Postmaster Wilson surprised his listeners with the statement that the local post office has grown to a point where gross receipts are just under the requirements for establishment of a first class office. Receipts for the year, he said, were $5,000 more than in 1945, and almost double the total of 1940. stamp sales for Christmas cards has increased in the same proportion, with 99,000 1 ½ and 3 cent stamps being sold this year. Money order business, with $219,145.01 written during the year, surprised his listeners and rather dismayed local retailers as the postmaster explained that well over 50 per cent of this amount was sent to four national mail order houses with orders for merchandise. The local post office was established on November 10, 1873. By 1914 gross receipts were still under $8,000 a year, with three people on the payroll. Last year there were 12 regular employees, with a payroll of $30,612.16. Wilson said the reduction in rate for air mail has resulted in a 41 per cent increase in this department. Today, Wilson concluded, Los Banos has better mail service than any time previous, with 13 mails in and out of the city every day.

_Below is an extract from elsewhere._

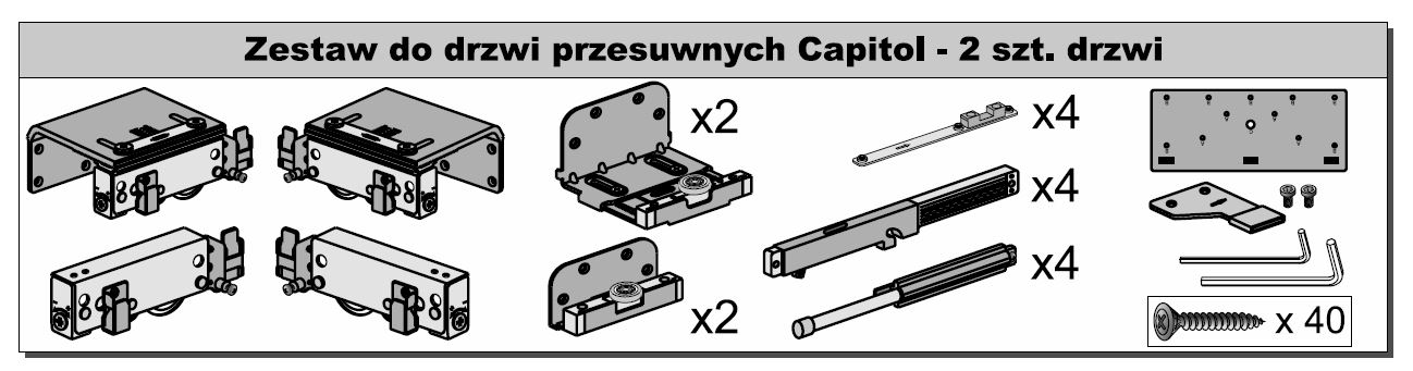 Ensemble de ferrures pour deux vantaux, porte intérieure et extérieure. Pour extension a trois vantaux, il est nécessaire d'utiliser la quincaillerie 395031 SEVROLL Capitol ensemble de ferrures pour portes intérieures.

Robert Puccinelli, in a peppery address that was noted particularly for its fine delivery, gave expert statistical information on many subjects, including his experiences as host of the Canal Farm Inn, as a connoisseur of fine liquors, and as an authority on the olive business. It was on the latter subject that his oratory reached its height, as he boasted that his 411-tree olive orchard was the largest and oldest in this area, with a production that not only supplied his hotel with its annual requirements for stuffed, cured and processed olives and hundreds of gallons of olive oil, but also kept one of the valley’s larger olive oil mills busy for a good part of the season. During his discourse, Puccinelli liberally distributed fine samples of the foremost varieties of olives among the crowd.